*Problem details*
Without changing a word, repeat the data, and include no pictures.

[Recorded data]
++++++++++++++++++++
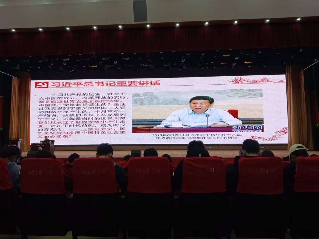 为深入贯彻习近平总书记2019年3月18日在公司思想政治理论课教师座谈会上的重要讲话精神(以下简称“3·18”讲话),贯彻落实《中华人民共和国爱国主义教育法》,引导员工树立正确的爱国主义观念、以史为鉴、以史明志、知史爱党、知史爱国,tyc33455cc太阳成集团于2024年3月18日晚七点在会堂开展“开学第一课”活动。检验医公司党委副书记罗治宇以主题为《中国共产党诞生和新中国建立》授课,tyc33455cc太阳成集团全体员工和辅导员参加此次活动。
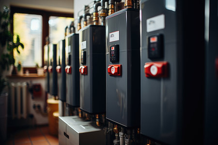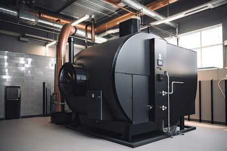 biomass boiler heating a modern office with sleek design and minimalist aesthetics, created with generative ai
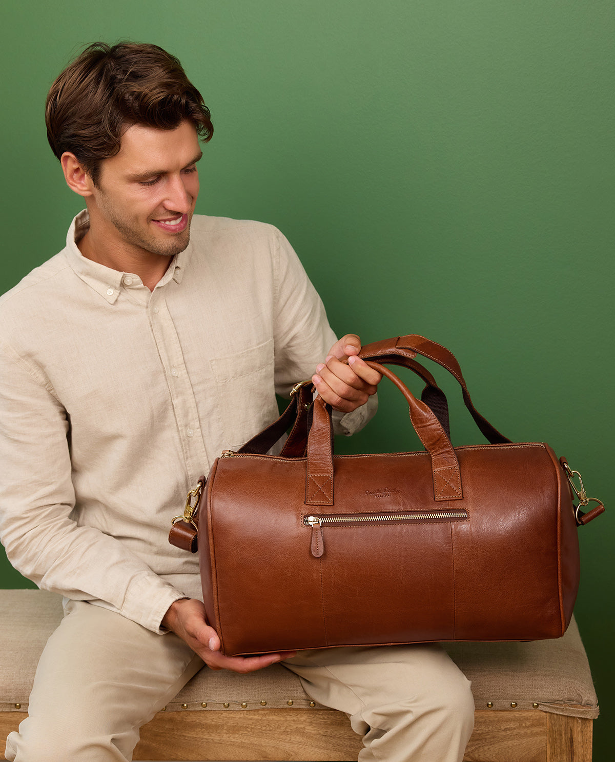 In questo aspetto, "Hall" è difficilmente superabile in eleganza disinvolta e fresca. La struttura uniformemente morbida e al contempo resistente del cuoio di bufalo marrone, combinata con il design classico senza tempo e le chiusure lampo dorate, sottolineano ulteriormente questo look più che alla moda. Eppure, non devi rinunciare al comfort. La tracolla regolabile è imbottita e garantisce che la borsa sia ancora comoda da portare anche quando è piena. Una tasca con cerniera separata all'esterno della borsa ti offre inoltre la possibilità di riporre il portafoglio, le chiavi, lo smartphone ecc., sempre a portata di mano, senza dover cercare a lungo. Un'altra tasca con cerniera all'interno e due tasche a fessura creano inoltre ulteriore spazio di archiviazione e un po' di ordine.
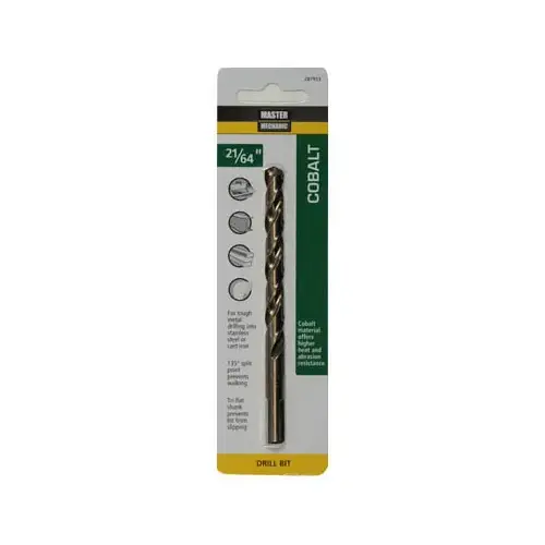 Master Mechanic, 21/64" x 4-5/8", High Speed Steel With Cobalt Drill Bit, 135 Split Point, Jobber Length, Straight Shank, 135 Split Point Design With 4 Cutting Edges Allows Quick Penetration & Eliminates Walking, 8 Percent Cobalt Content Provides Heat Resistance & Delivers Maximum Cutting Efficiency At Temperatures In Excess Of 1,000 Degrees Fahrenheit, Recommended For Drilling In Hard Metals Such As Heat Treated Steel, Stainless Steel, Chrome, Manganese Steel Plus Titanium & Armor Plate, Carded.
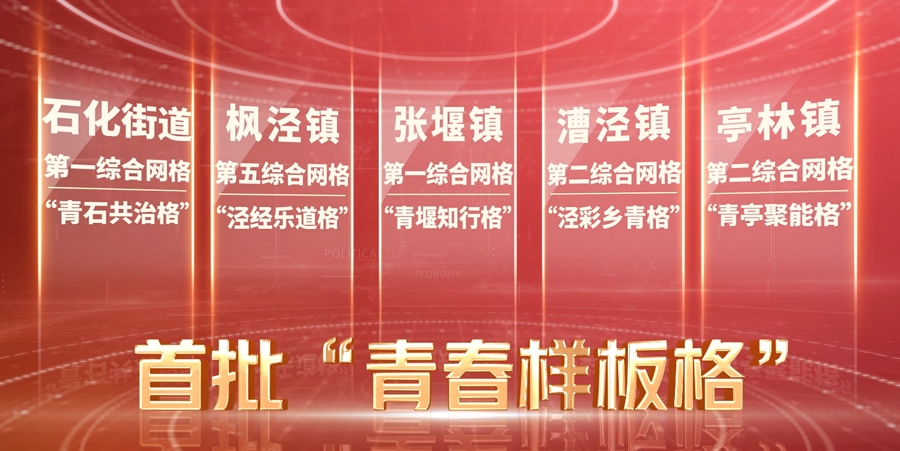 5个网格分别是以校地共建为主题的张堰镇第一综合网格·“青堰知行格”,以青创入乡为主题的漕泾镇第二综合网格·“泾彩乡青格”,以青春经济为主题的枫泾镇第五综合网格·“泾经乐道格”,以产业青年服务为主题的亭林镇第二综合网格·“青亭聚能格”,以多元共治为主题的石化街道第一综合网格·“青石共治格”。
++++++++++++++++++++
*Answer space*
 为深入贯彻习近平总书记2019年3月18日在公司思想政治理论课教师座谈会上的重要讲话精神(以下简称“3·18”讲话),贯彻落实《中华人民共和国爱国主义教育法》,引导员工树立正确的爱国主义观念、以史为鉴、以史明志、知史爱党、知史爱国,tyc33455cc太阳成集团于2024年3月18日晚七点在会堂开展“开学第一课”活动。检验医公司党委副书记罗治宇以主题为《中国共产党诞生和新中国建立》授课,tyc33455cc太阳成集团全体员工和辅导员参加此次活动。
 biomass boiler heating a modern office with sleek design and minimalist aesthetics, created with generative ai
 In questo aspetto, "Hall" è difficilmente superabile in eleganza disinvolta e fresca. La struttura uniformemente morbida e al contempo resistente del cuoio di bufalo marrone, combinata con il design classico senza tempo e le chiusure lampo dorate, sottolineano ulteriormente questo look più che alla moda. Eppure, non devi rinunciare al comfort. La tracolla regolabile è imbottita e garantisce che la borsa sia ancora comoda da portare anche quando è piena. Una tasca con cerniera separata all'esterno della borsa ti offre inoltre la possibilità di riporre il portafoglio, le chiavi, lo smartphone ecc., sempre a portata di mano, senza dover cercare a lungo. Un'altra tasca con cerniera all'interno e due tasche a fessura creano inoltre ulteriore spazio di archiviazione e un po' di ordine.
 Master Mechanic, 21/64" x 4-5/8", High Speed Steel With Cobalt Drill Bit, 135 Split Point, Jobber Length, Straight Shank, 135 Split Point Design With 4 Cutting Edges Allows Quick Penetration & Eliminates Walking, 8 Percent Cobalt Content Provides Heat Resistance & Delivers Maximum Cutting Efficiency At Temperatures In Excess Of 1,000 Degrees Fahrenheit, Recommended For Drilling In Hard Metals Such As Heat Treated Steel, Stainless Steel, Chrome, Manganese Steel Plus Titanium & Armor Plate, Carded.
 5个网格分别是以校地共建为主题的张堰镇第一综合网格·“青堰知行格”,以青创入乡为主题的漕泾镇第二综合网格·“泾彩乡青格”,以青春经济为主题的枫泾镇第五综合网格·“泾经乐道格”,以产业青年服务为主题的亭林镇第二综合网格·“青亭聚能格”,以多元共治为主题的石化街道第一综合网格·“青石共治格”。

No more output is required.